-- What needs to be done --
An exact copy of the lines of the listing below between the "1、打开太平洋科技APP,点击底部导航栏最右侧的我的选项进入个人页面。" line and the "In the other" line, both included, is the whole answer; please omit the pictures.

* * *

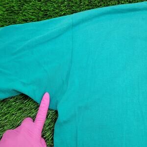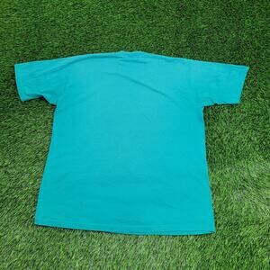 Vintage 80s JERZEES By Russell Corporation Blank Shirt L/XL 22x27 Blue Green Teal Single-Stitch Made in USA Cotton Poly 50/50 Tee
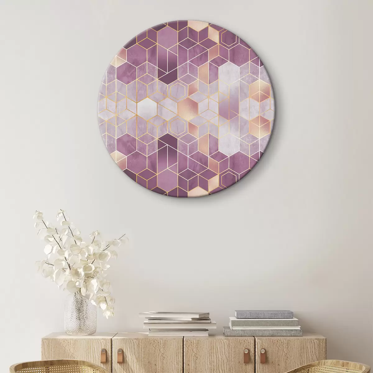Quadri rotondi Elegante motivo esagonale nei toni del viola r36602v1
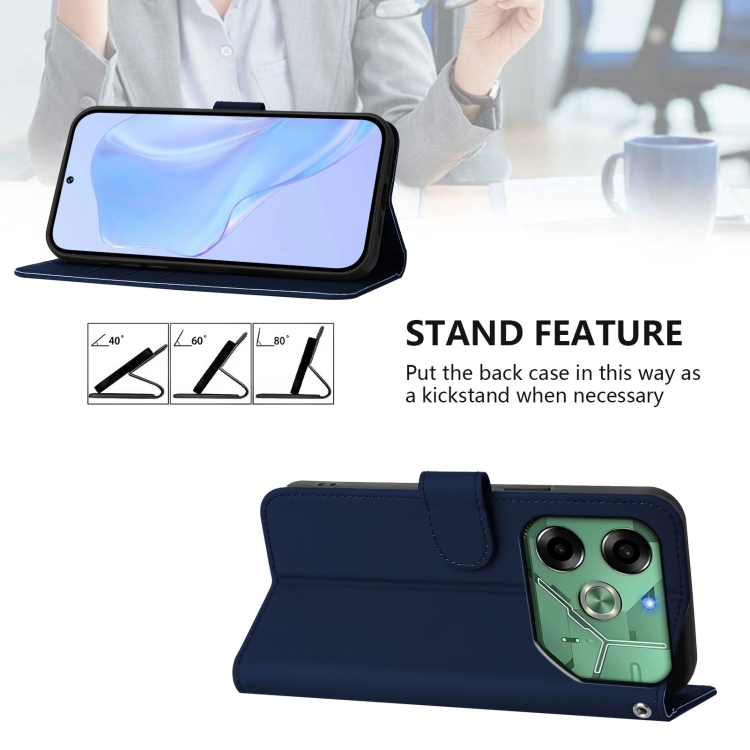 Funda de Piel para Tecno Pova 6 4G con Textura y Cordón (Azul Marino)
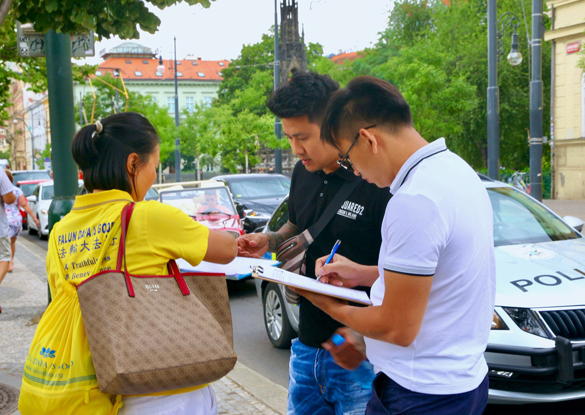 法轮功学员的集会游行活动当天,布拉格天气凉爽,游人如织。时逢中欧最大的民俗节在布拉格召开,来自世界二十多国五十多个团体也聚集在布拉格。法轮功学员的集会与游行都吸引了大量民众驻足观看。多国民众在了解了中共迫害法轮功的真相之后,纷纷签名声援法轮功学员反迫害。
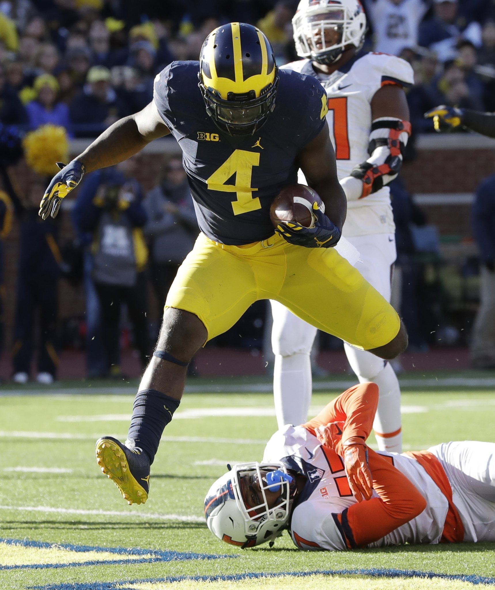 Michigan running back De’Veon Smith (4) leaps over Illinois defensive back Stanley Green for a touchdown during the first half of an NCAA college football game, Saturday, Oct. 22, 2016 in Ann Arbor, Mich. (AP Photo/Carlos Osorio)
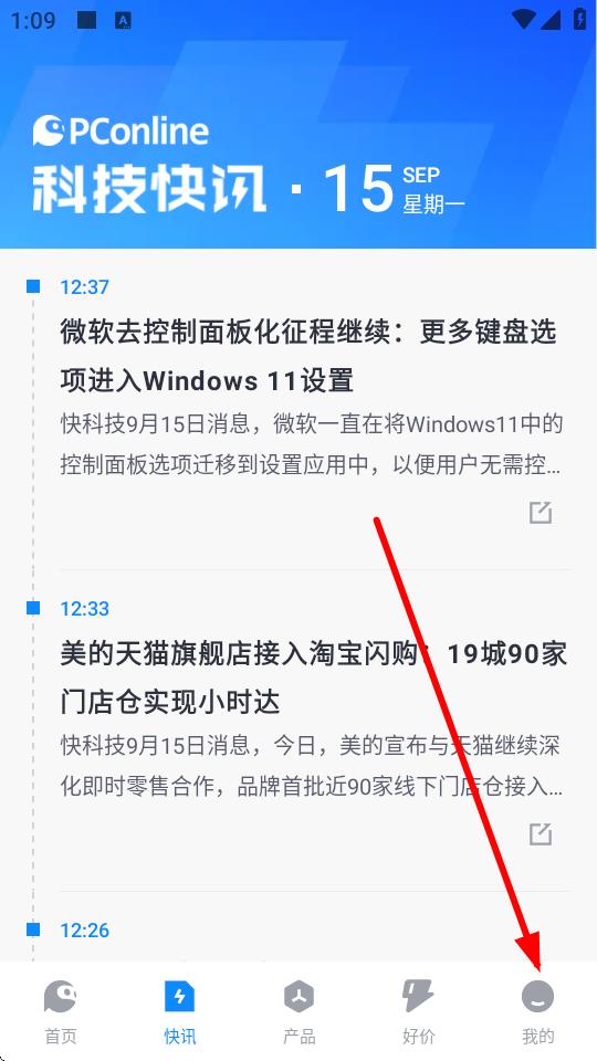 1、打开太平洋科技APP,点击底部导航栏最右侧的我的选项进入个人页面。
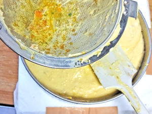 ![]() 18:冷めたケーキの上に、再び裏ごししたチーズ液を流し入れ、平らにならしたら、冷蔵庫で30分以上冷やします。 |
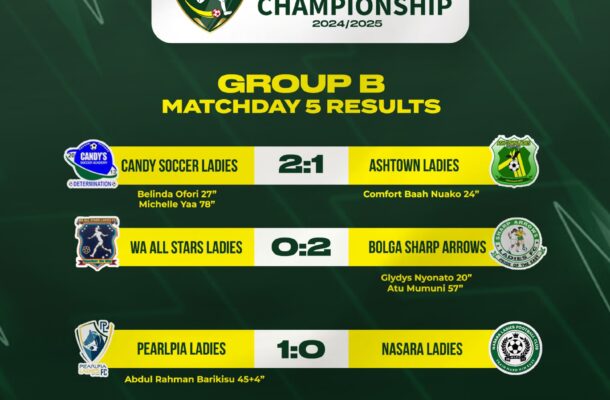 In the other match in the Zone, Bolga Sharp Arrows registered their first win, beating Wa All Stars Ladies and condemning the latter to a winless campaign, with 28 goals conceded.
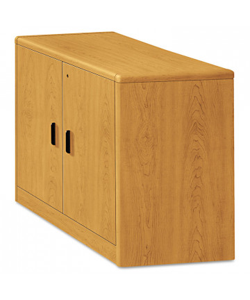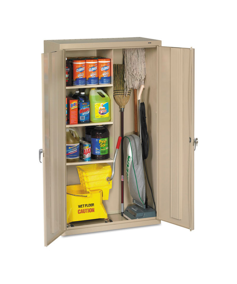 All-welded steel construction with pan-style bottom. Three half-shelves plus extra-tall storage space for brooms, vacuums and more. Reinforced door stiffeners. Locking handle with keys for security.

* * *

-- Written solution --
 1、打开太平洋科技APP,点击底部导航栏最右侧的我的选项进入个人页面。
 ![]() 18:冷めたケーキの上に、再び裏ごししたチーズ液を流し入れ、平らにならしたら、冷蔵庫で30分以上冷やします。 |
 In the other match in the Zone, Bolga Sharp Arrows registered their first win, beating Wa All Stars Ladies and condemning the latter to a winless campaign, with 28 goals conceded.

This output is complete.